Gonad Disgenezileri Gonad disgenezisi, çeşitli genetik gelişme bozukluklarının meydana geldiği bir hastalık kompleksidir. Bu olgularda gonadlar gelişmemiş olduğu için primer amenorede çok önemli yerleri vardır. Müllerien kanalları kadın tipinde gelişir fakat ovaryumların bulunması gereken yerde bağ kokusuna rastlanır. Bu olgularda, değişik interseksüalite tablolarıyla ortaya çıkan kromozomal anormallikler söz konusudur. Bunlar, Turner’s sendromu (45, X0) Saf gonad disgenezi (normal genotip 46, XX) Swyer sendromu (46, XY- XY li gonad disgenezi) Triple X sendromu (47, XXX)
Kadında Yalancı Hermafroditismus Bu olgular normal dişi karyotipine (46, XX) ve gonad olarak overlere sahiptir. İç genital organlar dişi özellik gösterir. Uterus, fallop tüpleri ve vajınanın üst kısmı normal gelişmiştir. Ancak dış genital organlarda androjenin etkisi ile az ya da çok belirgin maskulinizasyon belirtileri meydana çıkar.
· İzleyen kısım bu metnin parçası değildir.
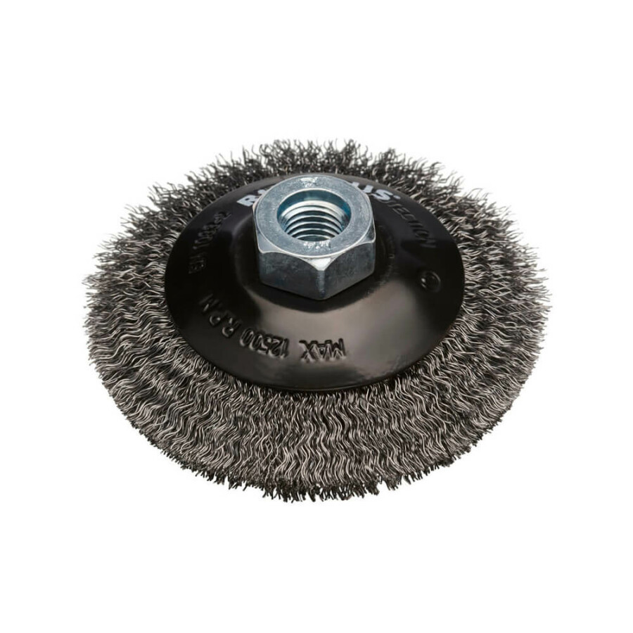 M14 aansluiting voor snelle montage op haakse slijpers Gegolfd RVS draad in combinatie met messing voor flexibel, corrosiebestendig en vonkarm werken De kegelvormige vorm is zeer geschikt voor moeilijk bereikbare hoeken, gaten en contouren Licht tot medium agressief werking en reinigen zonder krassen Vonkarm, corrosiebestendig, duurzaam Toepassing: Non-ferro metalen, RVS, messing en andere gevoelige materialenSpecificaties Kwaliteit : Pro-Line Materiaal : Staal verzinkt Soort draad : Gegolft Aansluiting : M14 Afmeting : 100 x 10 x 20 mm Draaddikte : 0.30 mm Toerental : 12500 Verpakking : 1 stuks

Yalancı hermafroditizmin genetik şekli, konjenital adrenogenital sendrom adını alır. Otozomal resesif geçişli olan bu sendrom, adrenal steroidlerin sentezi için gerekli olan çeşitli enzimlerin yetersizliği ile karakterizedir. Maskülinizasyon: Kadında, erkeğe özgü sekonder cinsiyet özellikleri [ses kalınlaşması, kıllanma, adali (kaslı) yapı]’nın oluşması
Erkekte Yalancı Hermafroditismus Bu gruptadki hastalar normal erkek karyotipine (XY) ve gonad olarak testislere sahiptir. Ancak dış genital organlar normal erkek tipine uymaz ve yetersiz maskulinizasyon gösterirler. Bu gruptaki intersesualite iki nedenle ortaya çıkar, Testesteron sentez defektleri Androjen rezistansı
KAYNAKLAR TAŞKIN L (2016). Doğum ve Kadın Sağlığı Hemşireliği. XIII. Basım. Akademisyen Tıp Kitabevi Ankara.